Fourier Transform and Wave Function

[atomicpedals]

Homework Statement

a) Find the normalization constant N for the Gaussian wave packet $\psi (x) = N e^{\frac{-(x-x_{0})^{2}}{2K^{2}}}$. b) Find the Fourier Transform and verify it is normalized.
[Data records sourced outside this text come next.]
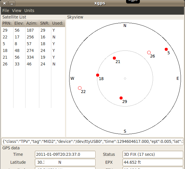 Looks like we’re getting something there. How about we fire up gpsd and xgps?
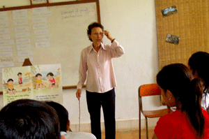 Chy Thy of Tahen village “I’m very quiet when I met the teacher; she made me happy about her “Big Book” so I take this experience to share with my students. They will be interested and try to know what I will show them.” Whereas Yan Sokhorn from Tapung village shared, “I feel very happy that I can join the workshop because I can get some experience from the teacher and we can share with the children.” Frances’ closed with this remark to the class: “If you teach what you have learnt, you learn twice over”.
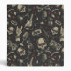 Grunge style skull, crossbones & various musical instruments on black background, seamless repeat pattern
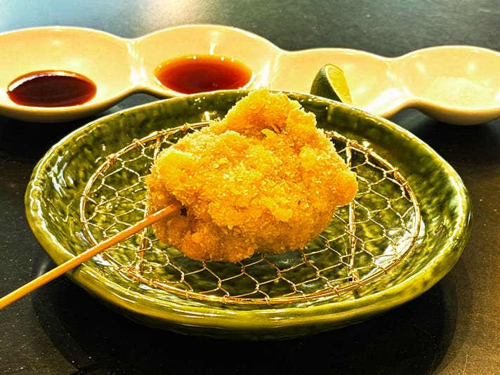 また、串揚げの最大の魅力は、その「自由度」にあります。 たとえば、「山形牛すね肉の赤ワイン煮込みカツ」や「帆立のカダイフ巻き レア揚げ 」。これまでの焼肉店や寿司店という枠組みでは表現しきれなかったクリエイティブな組み合わせを、一串一串に凝縮してご提供できる。
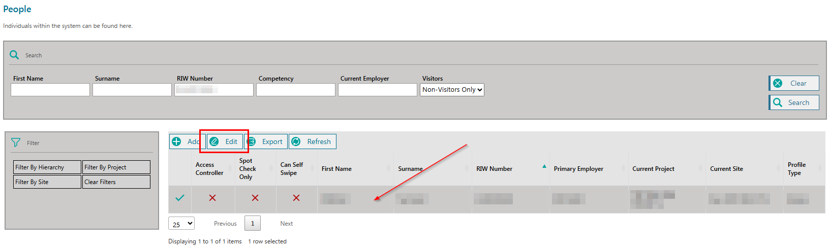 From the returned results, highlight the cardholder row and click on the EDIT button.
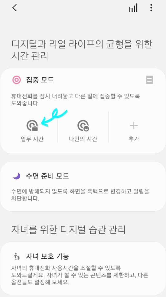 집중 모드 설정 방법
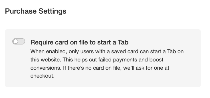 The Require Card on File option allows you to capture the users credit card before they can open a tab.
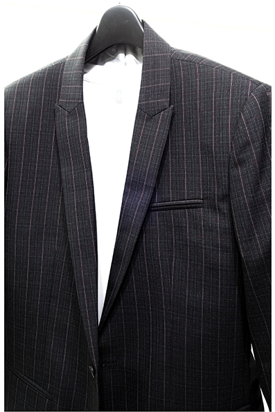 Slim cut. light weight jacket made of wool mixed fabric of charcoal & dark red checks.
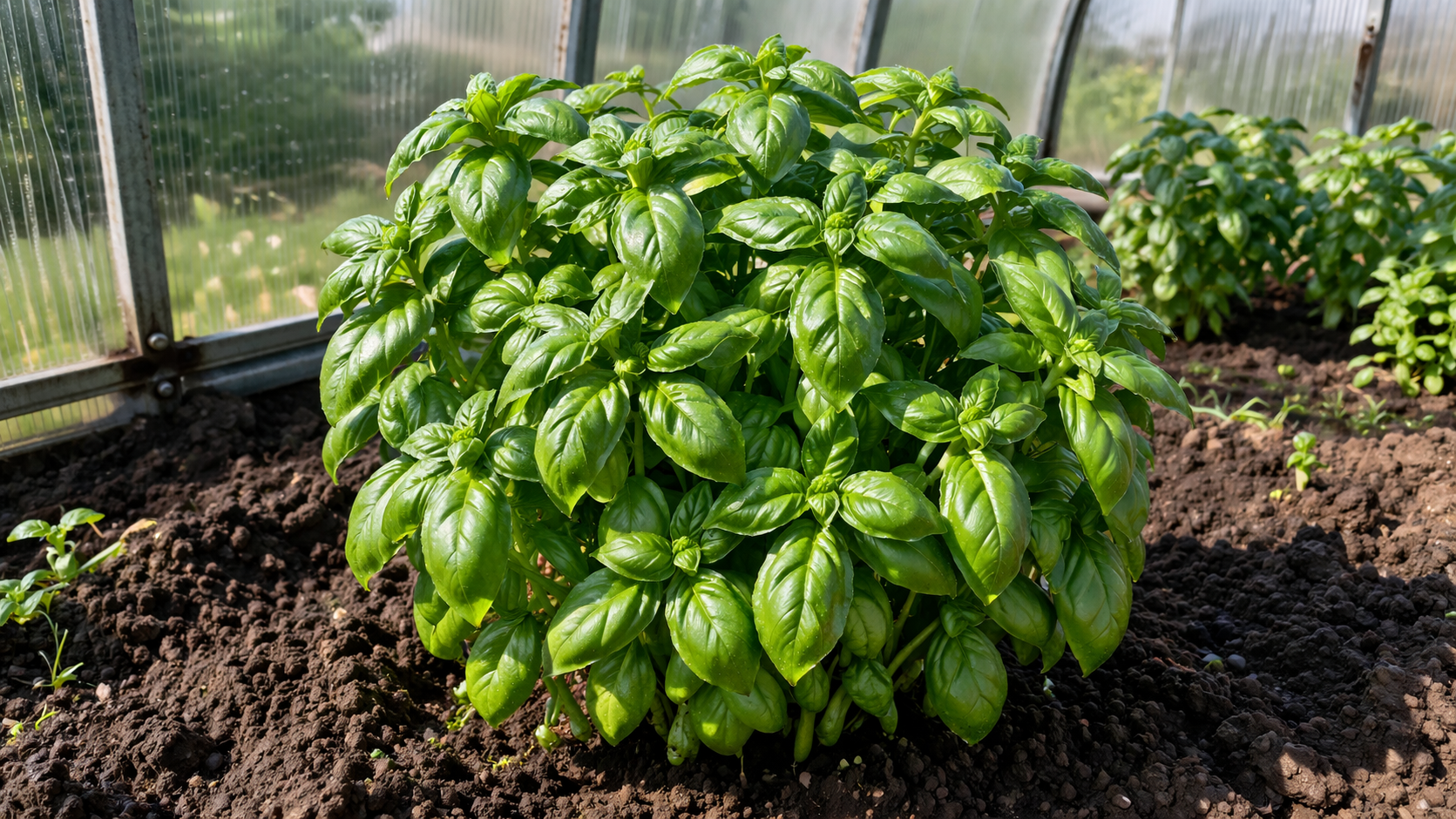 Bazilikas šiltnamyje reikalauja tik dėmesio temperatūrai ir laiku genėti.
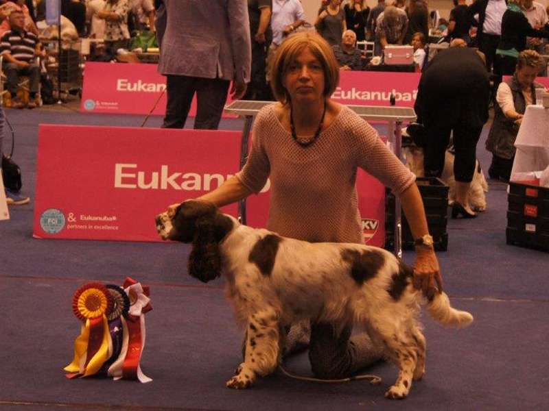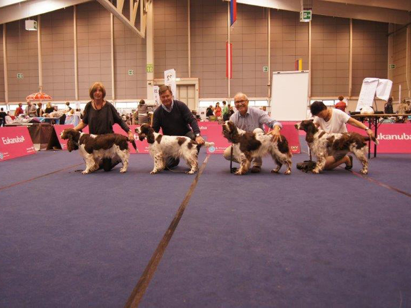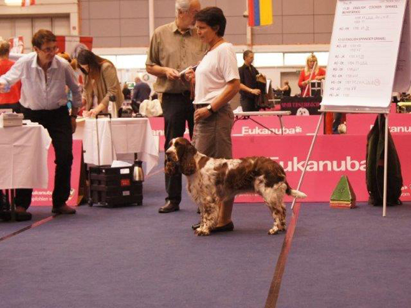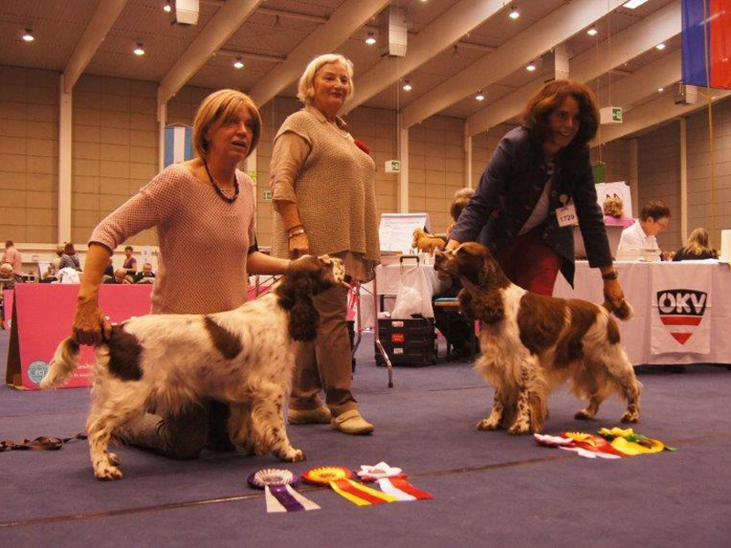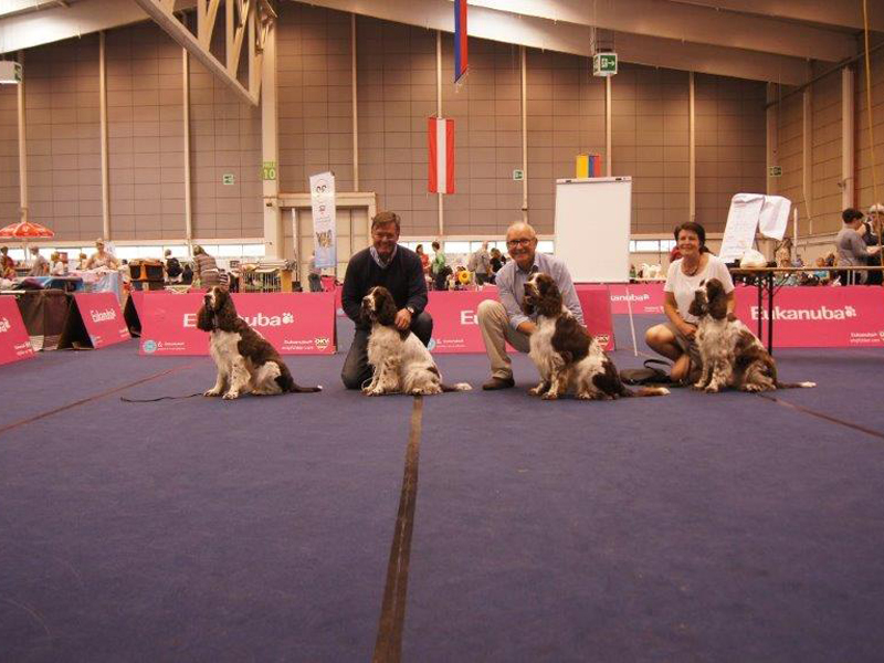 Große Freude über den Erfolg unserer Hunde beim Ausstellungswochenende in Tulln.Das lange Warten auf den Bewerb hat ich ausgezahlt. Erst spät am Nachmittag kamen nach den American Cocker Spaniels und den English Cocker Spaniels, die Englisch Springer Spaniels an die Reihe. Erstmals hatten wir vier Hunde gemeldet: Finkensse`s Babaco, Beauty und Bianca, Nachkommen aus dem Wurf: Springer Nest`s Gucci Girl x Lordsett´s James Dean.
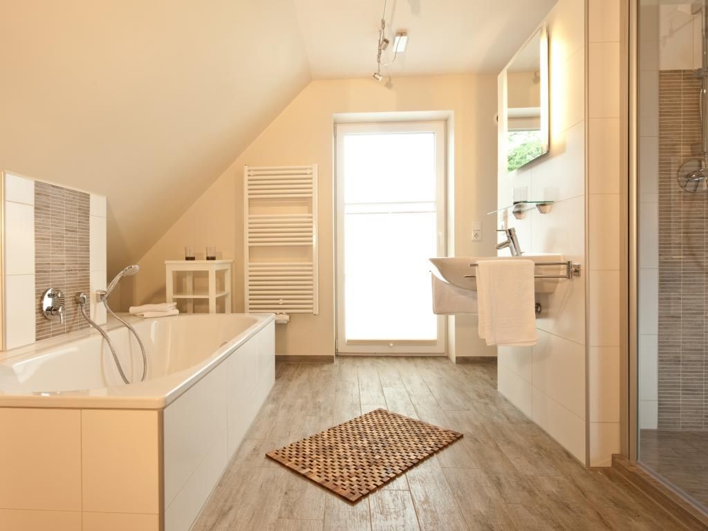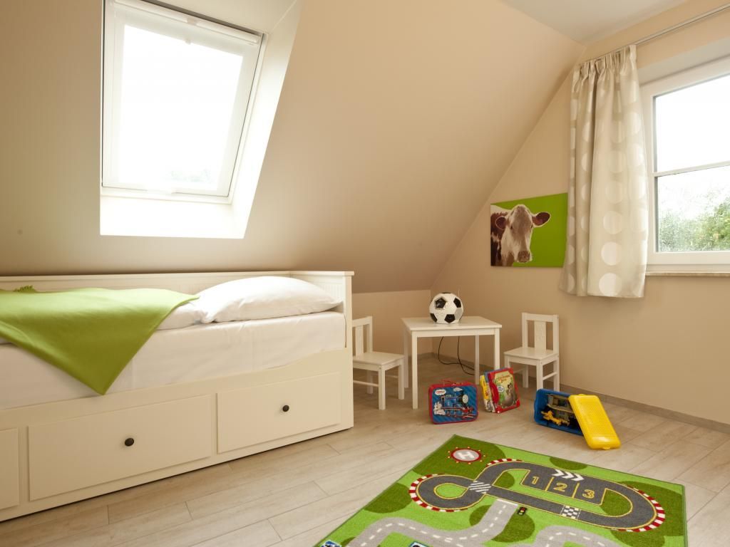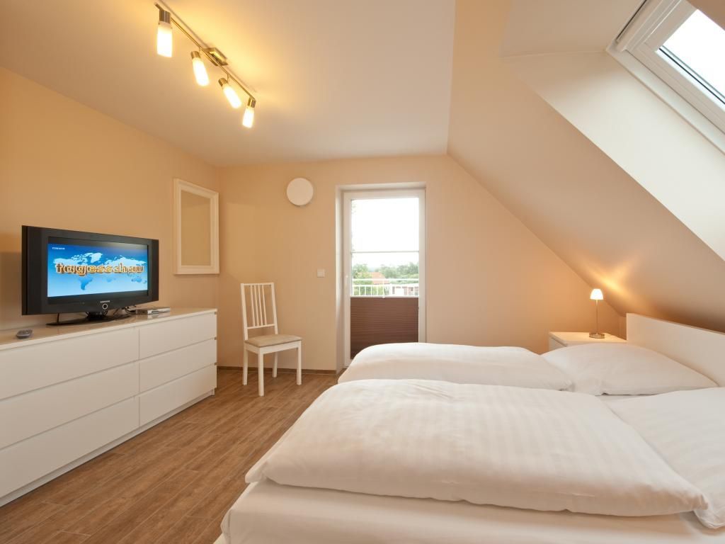 Drei Schlafzimmer sind im Obergeschoss des Hauses davon 1x mit Doppelbett, Ankleidezimmer, Fernseher und Zugang zur Dachterrasse, sowie 2 weitere Schlafzimmer mit jeweils 2 Einzelbetten, die zum Doppelbetten ausziehbar sind. Auch das Komfort-Wellnessbad mit Saunakabine und ebenfalls Dachterrassenzugang befindet sich auf der oberen Ebene. Im Spitzboden ? Treppenschutzgitter- des Ferienobjektes ist ein Kinderspielzimmer eingerichtet. Der Hauswirtschaftsraum bietet eine Waschmaschine sowie Kühl-/Gefrierkombination. Für kleine Kinder stehen Kinderhochstuhl, Kindergitterbett und Bollerwagen kostenfrei bereit. Ein PKW-Stellplatz befindet sich am Haus. Bei Anreise wird eine Kaution i.H.v. 200,00 Euro erhoben. Es handelt sich um ein Nichtraucherhaus indem Haustiere nicht gestattet sind. Groß-Schwansee ist ein kleiner Küstenort in direkter Lage zum Ostseefernradweg, der entlang der Ostsee bis nach Priwall-Travemünde, Lübeck wie auch zum Ostseebad Boltenhagen führt.
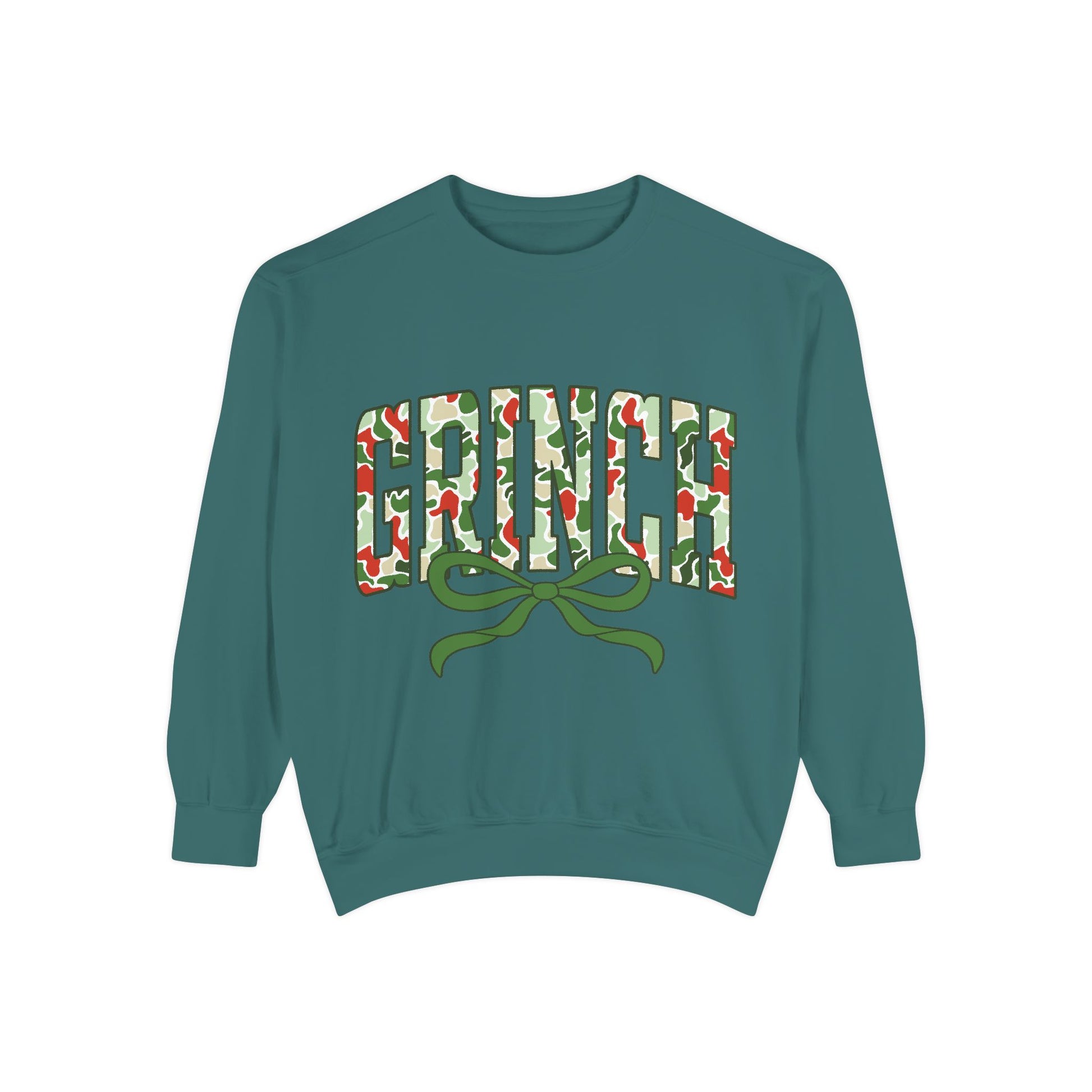 Grinch Holiday Sweatshirt — Green Camo 'GRINCH' Bow Pullover

2. The attempt at a solution

a) I think I've got
$$\psi (x) = N e^{\frac{-(x-x_{0})^{2}}{2K^{2}}}$$
$$\int |N e^{\frac{-(x-x_{0})^{2}}{2K^{2}}}|^{2}dx = 1$$
$$N^{2}=\frac{1}{\sqrt{\pi}K}$$
$$N = \frac{1}{\pi^{1/4}\sqrt K}$$
b) This is where the trouble starts...
$$\psi (x) = \frac{1}{\pi^{1/4}\sqrt K} e^{\frac{-(x-x_{0})^{2}}{2K^{2}}}$$
$$F(\omega)=\frac{1}{\sqrt{2\pi}} \int \frac{1}{\pi^{1/4}\sqrt K} e^{\frac{-(x-x_{0})^{2}}{2K^{2}}} e^{i \omega x}dx$$
I think I can pull the normalization constant out of the integrand and get
$$F(\omega)=\frac{1}{\sqrt{2\pi}}\frac{1}{\pi^{1/4}\sqrt K} \int e^{\frac{-(x-x_{0})^{2}}{2K^{2}}} e^{i \omega x}dx$$
And the exponents should combine (here I'm not so sure)
$$F(\omega)=\frac{1}{\sqrt{2\pi}}\frac{1}{\pi^{1/4}\sqrt K} \int e^{\frac{-(x-x_{0})^{2}}{2K^{2}}+i \omega x}dx$$
Assuming I've not gone horribly wrong earlier, evaluation of this integral stumps me. Any help and suggestions are much appreciated.

 

[atomicpedals]

If I crank through it, I think the result is

$$F(\omega)=\frac{1}{\pi^{1/4}\sqrt{1/K^{}2}\sqrt K}e^{\frac{-K^{2}k{2}}{2}+i x_{0} \omega}$$

 

[vela]

There should be an $\omega^2$ somewhere in the exponent. Your answer seems to have other typos as well. It would help to see what you actually did, but I think you have it under control.